19:50 So if you wanna talk to somebody about idea validation, fundraising, management and coaching, sales and marketing, all those things, you can book one-on-one meetings with these people to help get you going and make connections.

20:03 So if you need some free GitHub and Microsoft Cloud resources, if you need access to mentors and you wanna get your startup going, now make your idea a reality today with the support from Microsoft for Startups Founders Hub.

20:15 It's free to join, it doesn't have to be venture-backed, doesn't have to be third party validated.

20:21 You just apply for free at pythonbytes.fm/foundershub2022.

20:26 The link is in your show notes.

20:27 Thanks a bunch to Microsoft for sponsoring our show.

20:32 What's next, Brian?

20:33 - Well, that article that I already read about the speeding up pytest, it had a whole bunch of cool tools in it.

20:38 So I wanted to go through some of the tools that were in the article that I thought were neat.

20:43 One of them for profiling and timing was a thing called Hyperfine.

20:48 And this is a not, I don't think it's a Python thing, but you like for max, you had to brew install it.

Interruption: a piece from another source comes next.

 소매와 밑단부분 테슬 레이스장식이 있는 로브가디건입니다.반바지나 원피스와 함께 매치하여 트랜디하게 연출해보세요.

20:54 But one of the things it does is you can give it, you give it like two things and it runs both of them and it can run it multiple times and then give you statistics comparing them.

21:08 So it's a really good comparison tool to, you know, like if you're testing your test suite to see how long it runs.

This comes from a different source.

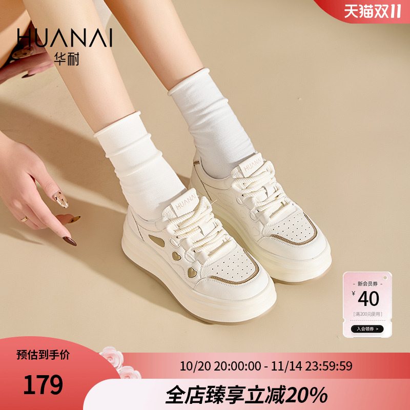 华耐2025秋季厚底爆款板鞋女增高休闲百搭小白鞋舒适轻便透气鞋子

21:15 may as well run it a couple times and see.

21:17 - For people who didn't see yet the example from that first article you covered, a lot of those were CLI flags, right?

21:26 Like dash dash, no, no's for disabling the plugin and so on, so you could have two commands on the command line where you basically change the command line arguments to determine those kind of things, right?

21:40 - Yeah, exactly, so run it a couple times and run the test suite a couple of times each and just see if I had these no flags or this other flag or with the environmental variable.

21:54 Actually, I don't know how you could do that in there.

21:56 You can set environmental variables in command line maybe.

21:58 - Yeah, I'm sure that you can somehow.

22:00 - Yeah. (laughs)

22:01 - Inline an export statement or something, who knows?

22:03 - At the very least, you can run the same command twice.

22:06 You can run it, set the environmental variable, and then run it again to see if it makes a difference.

22:11 - Yeah.

22:12 That was neat.

22:13 I don't know why I've got the API referencing.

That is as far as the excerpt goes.